With “Nanette,” her critically acclaimed 2018 Netflix special, Australian comedian Hannah Gadsby inspired an international conversation about the purpose of comedy. During her hour-long monologue, filmed in front of a rapt audience at the Sydney Opera House, Gadsby challenges the idea that comedy is an effective means of dealing with controversial issues. In theory, she explains, comedy creates a connection through laughter; but in practice, it undermines serious discussions and perpetuates toxic norms.

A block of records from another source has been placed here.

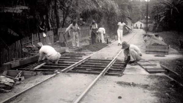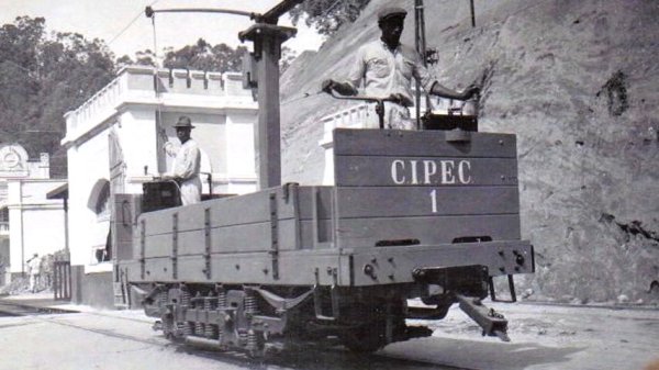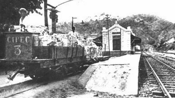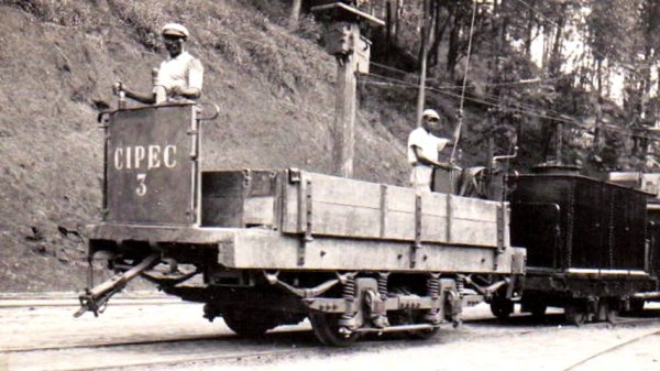 Fotos de vagões e de bondes da CIPEC na linha que levava à
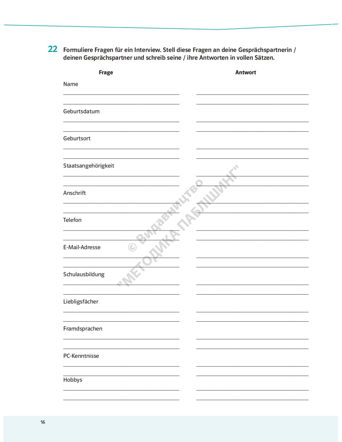 - контроль навчальних цінностей після кожних двох модулів ("Ich kann...");
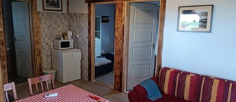 A belső tér NAPPALIBÓL, KÉT HÁLÓSZOBÁBÓL, ÉTKEZŐBŐL, FÜRDŐBŐL és WC-ből áll, így KÉT FŐ SZÁMÁRA kényelmes lakhatást biztosít.
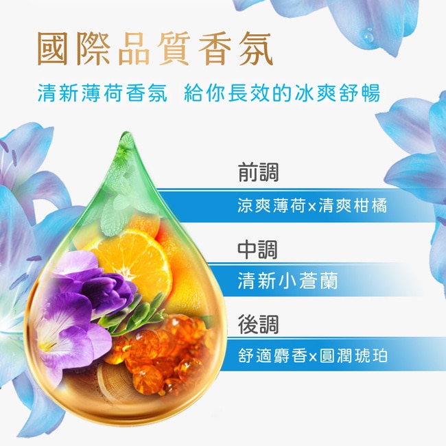 | 商品簡述 | 蘊含加拿大冰河泥和清新薄荷香氛 為肌膚注入活力觸感 給你長效的冰爽舒暢 |
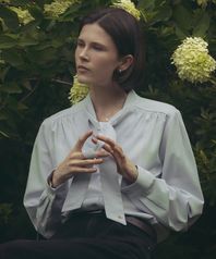 Emma shirring scarf shirt_Sky blue
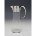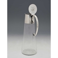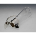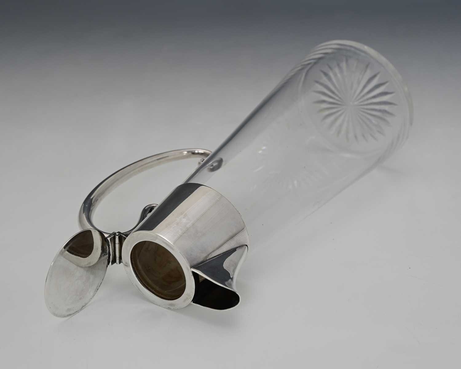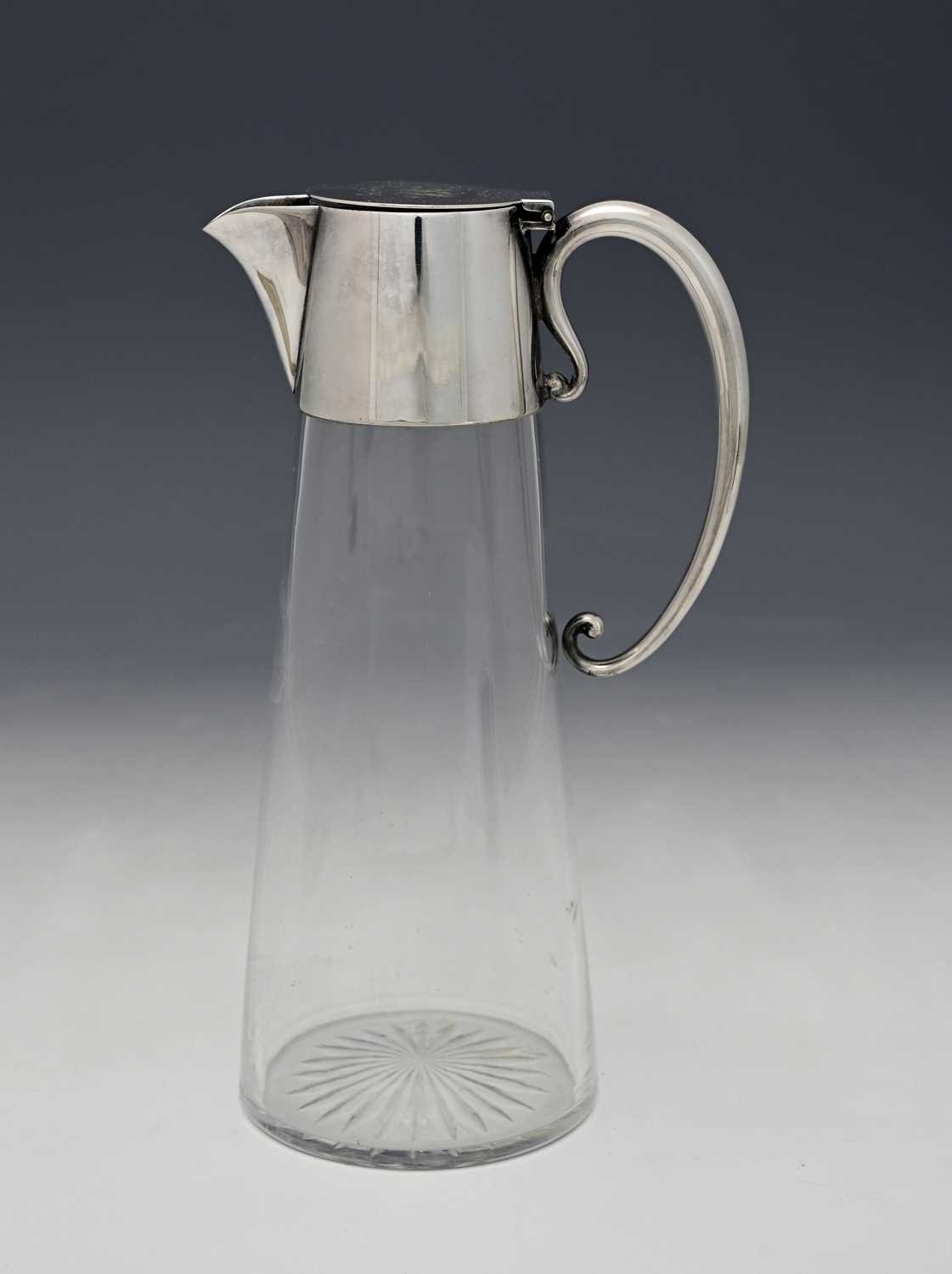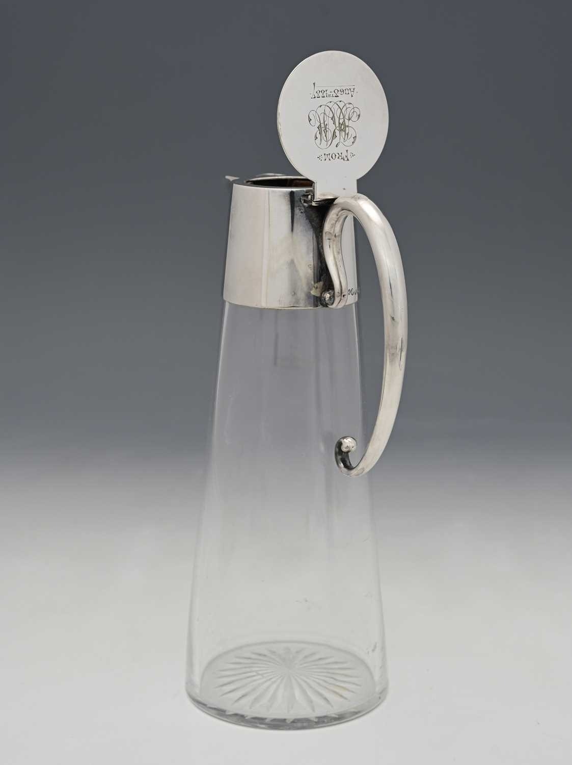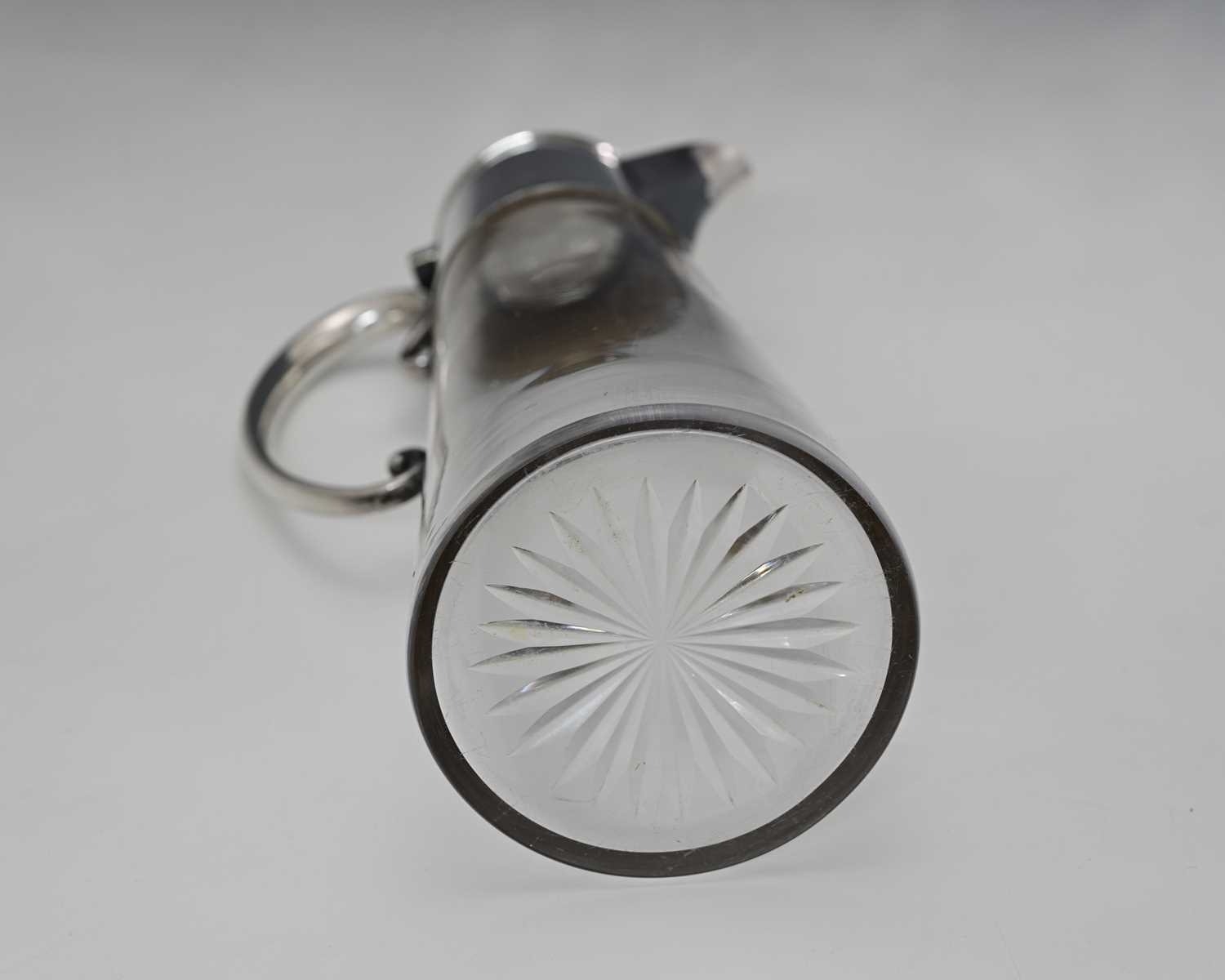 Christopher Dresser for Hukin and Heath, an Aesthetic Movement silver plate mounted glass claret jug, model 2475, circa 1885, the conical body with plain collar and coiled tendril C scroll handle, flat lid, engraved date 1887, 24.5cm high
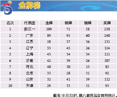 | 3 | 江苏 | 58 | 37 | 36 | 131 |
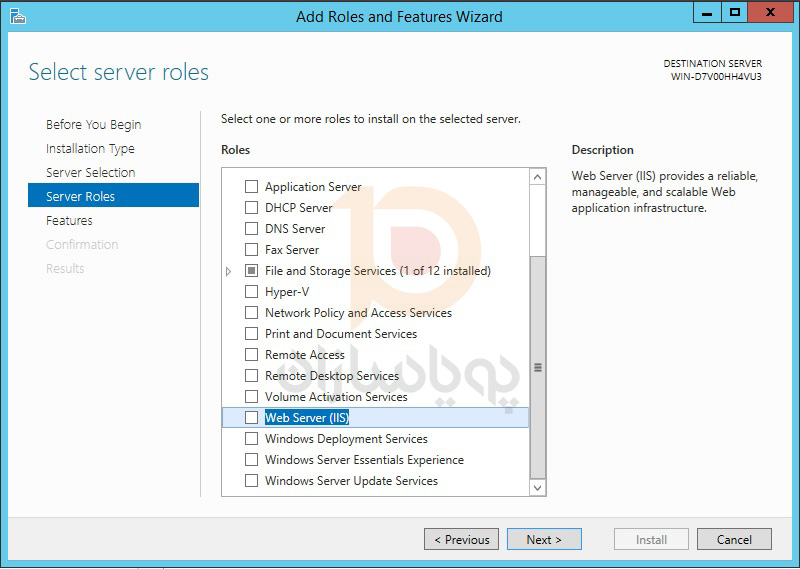 گزینه Web Server (IIS) انتخاب شود.

Gadsby grew up lesbian and gender non-conforming in ultra-conservative Tasmania, where homosexuality was legalized only in 1997. Humor was her defence mechanism against fear and shame, but it also kept her from thriving. She has come to realize, she explains in “Nanette,” that the price of self-deprecating humor is her dignity. “I put myself down in order to seek permission to speak,” she says.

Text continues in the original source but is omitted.